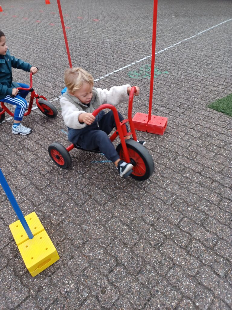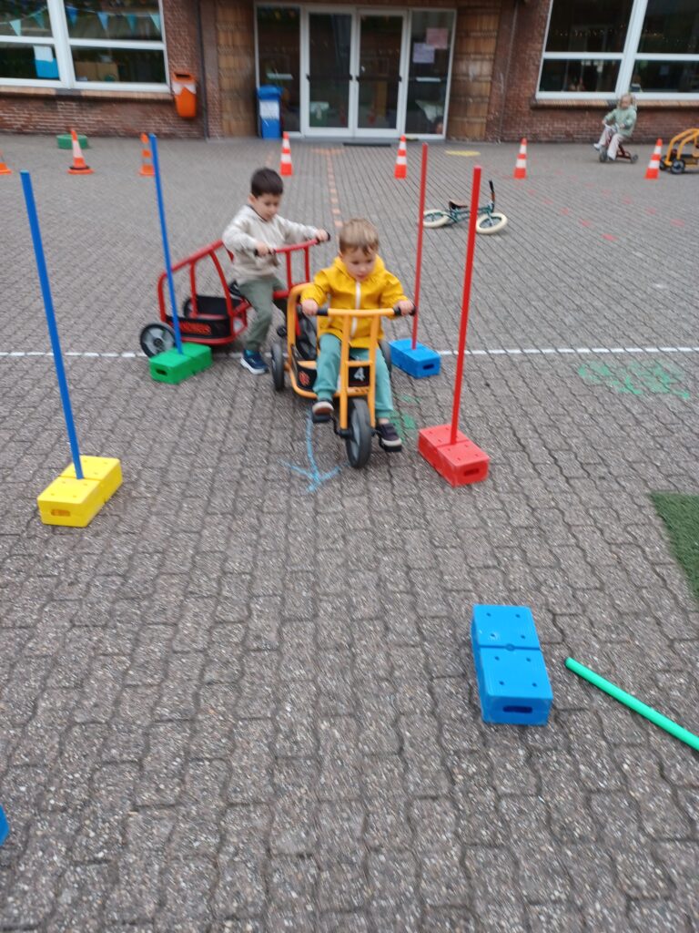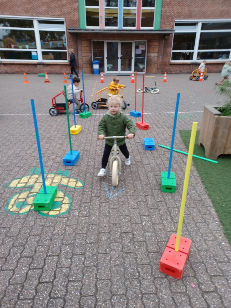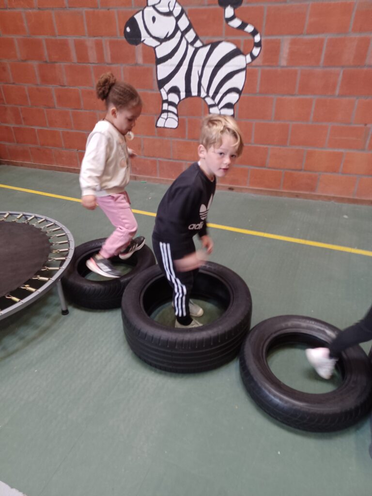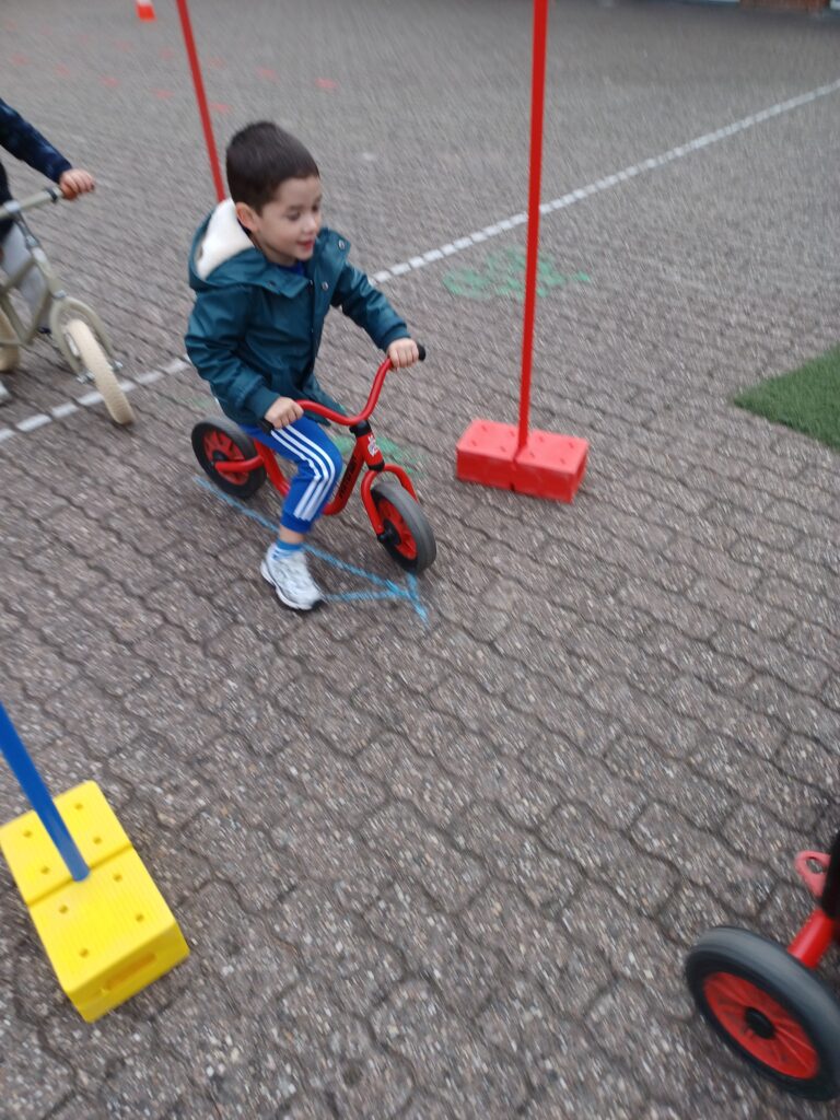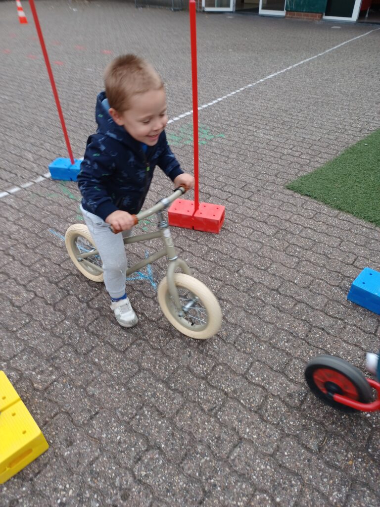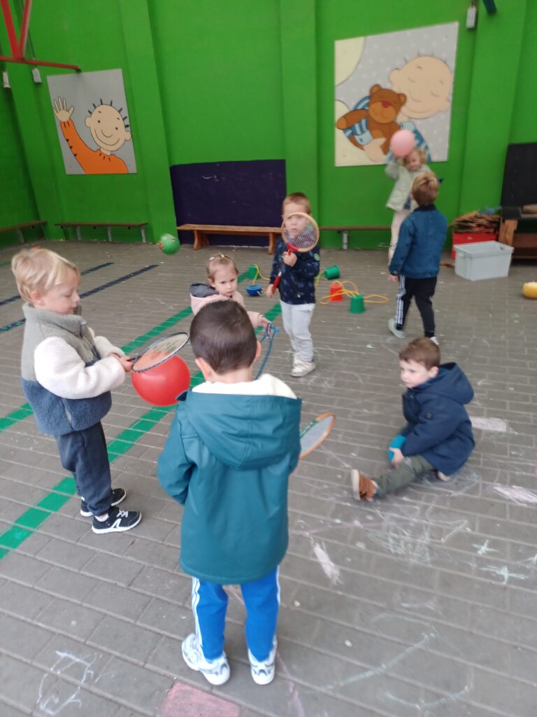 We mochten met de ballen spelen; met de fietsen rijden; met loopklossen, springballen, tennisraketten spelen en als laatste legden we een parcours af in de gymzaal.
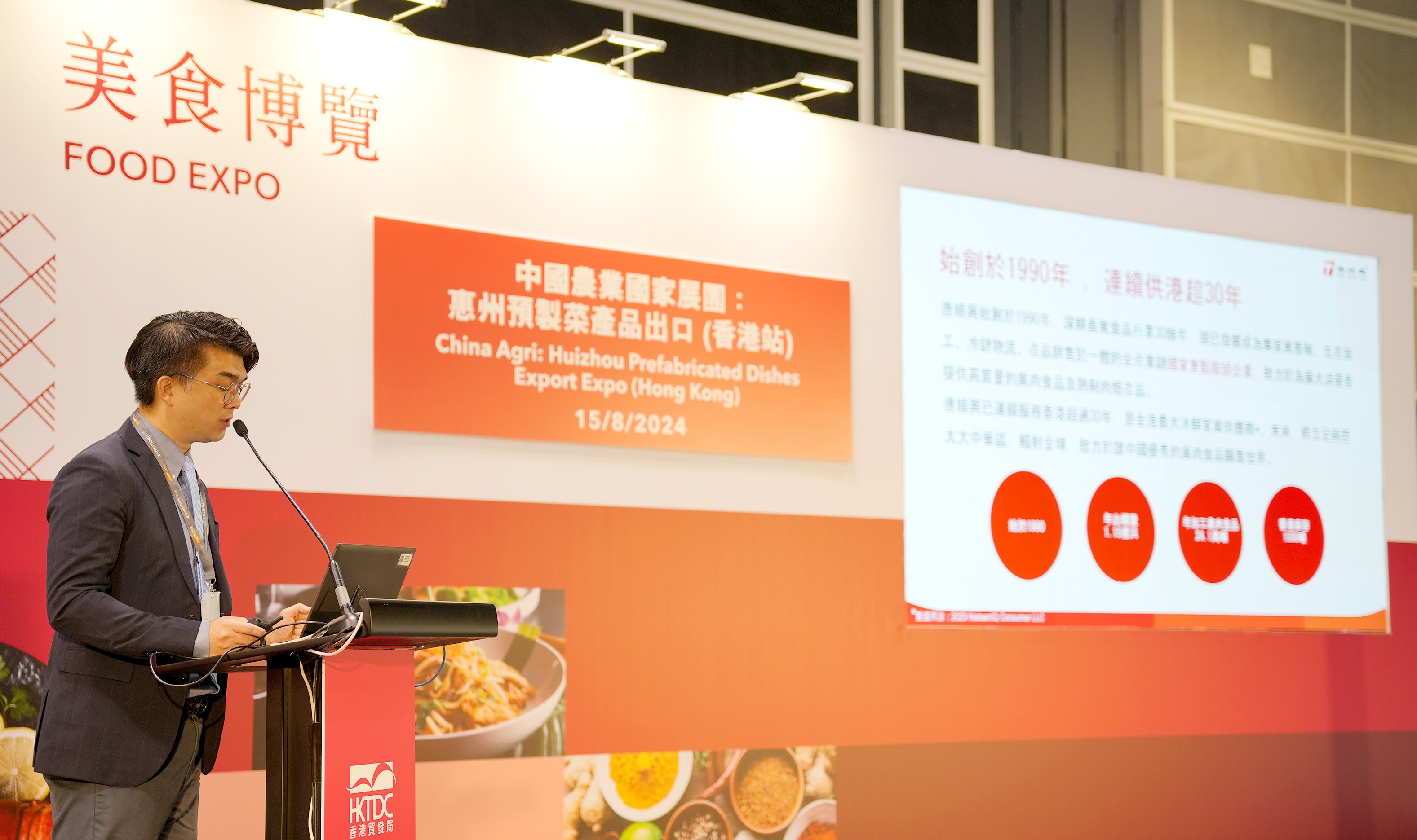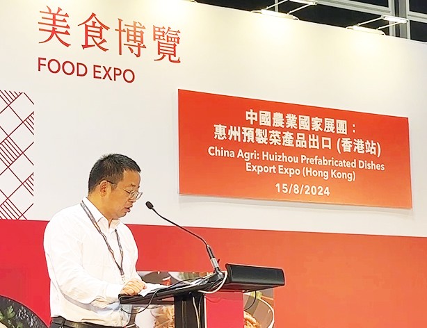 展會期間,唐順興受邀參加了惠州預制菜產(chǎn)品出口(香港站)交流活動。農(nóng)業(yè)農(nóng)村部農(nóng)業(yè)貿(mào)易促進中心、省農(nóng)業(yè)農(nóng)村廳、省農(nóng)業(yè)對外經(jīng)濟與農(nóng)民合作促進中心、惠州市農(nóng)業(yè)農(nóng)村局等相關領導、行業(yè)協(xié)會專家及企業(yè)代表們共同出席了本次交流會。交流會針對預制菜出口展開專題討論并進行了惠州預制菜企業(yè)推介活動,宣傳廣東優(yōu)質(zhì)的農(nóng)產(chǎn)品,推動企業(yè)開拓港澳及國際市場。惠州市農(nóng)業(yè)農(nóng)村局副局長陳洪同志表示,香港是重要的國際貿(mào)易港,擁有開放的市場環(huán)境、便捷的交通網(wǎng)絡和完善的商業(yè)體系。強調(diào)了加強兩地交流,加快推動預制菜、“粵字號”美食“入灣出海”的重要性 !
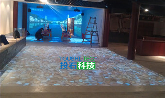投石智能系統(tǒng)通過龍舟競渡虛擬仿真、踩螃蟹地面互動投影系統(tǒng)、虛擬翻書、電子沙盤、觸摸屏等高科技互動技術(shù),分別介紹南京市高淳縣旅游景點分布、交通、城市發(fā)展等方面的內(nèi)容。龍舟競渡虛擬仿真展項通過設(shè)置了2條龍舟,每條龍舟可同時乘坐4人,三維場景均根據(jù)高淳縣現(xiàn)場實景采集建模制作,借助于基于硬件的投石互動傳感驅(qū)動系統(tǒng),實現(xiàn)參與者劃動船漿速度快、慢時,弧幕畫面速度顯示實時變化。
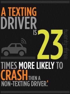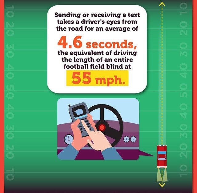 Texting Risk Texting takes drivers eyes away from road for average of 4.6 seconds, equivalent to length of football field.

• _INSTRUCTIONS TO FOLLOW_: Everything in the data except the pictures must be transcribed exactly.

• _REPLY_:
 We mochten met de ballen spelen; met de fietsen rijden; met loopklossen, springballen, tennisraketten spelen en als laatste legden we een parcours af in de gymzaal.
 展會期間,唐順興受邀參加了惠州預制菜產(chǎn)品出口(香港站)交流活動。農(nóng)業(yè)農(nóng)村部農(nóng)業(yè)貿(mào)易促進中心、省農(nóng)業(yè)農(nóng)村廳、省農(nóng)業(yè)對外經(jīng)濟與農(nóng)民合作促進中心、惠州市農(nóng)業(yè)農(nóng)村局等相關領導、行業(yè)協(xié)會專家及企業(yè)代表們共同出席了本次交流會。交流會針對預制菜出口展開專題討論并進行了惠州預制菜企業(yè)推介活動,宣傳廣東優(yōu)質(zhì)的農(nóng)產(chǎn)品,推動企業(yè)開拓港澳及國際市場。惠州市農(nóng)業(yè)農(nóng)村局副局長陳洪同志表示,香港是重要的國際貿(mào)易港,擁有開放的市場環(huán)境、便捷的交通網(wǎng)絡和完善的商業(yè)體系。強調(diào)了加強兩地交流,加快推動預制菜、“粵字號”美食“入灣出海”的重要性 !
投石智能系統(tǒng)通過龍舟競渡虛擬仿真、踩螃蟹地面互動投影系統(tǒng)、虛擬翻書、電子沙盤、觸摸屏等高科技互動技術(shù),分別介紹南京市高淳縣旅游景點分布、交通、城市發(fā)展等方面的內(nèi)容。龍舟競渡虛擬仿真展項通過設(shè)置了2條龍舟,每條龍舟可同時乘坐4人,三維場景均根據(jù)高淳縣現(xiàn)場實景采集建模制作,借助于基于硬件的投石互動傳感驅(qū)動系統(tǒng),實現(xiàn)參與者劃動船漿速度快、慢時,弧幕畫面速度顯示實時變化。
 Texting Risk Texting takes drivers eyes away from road for average of 4.6 seconds, equivalent to length of football field.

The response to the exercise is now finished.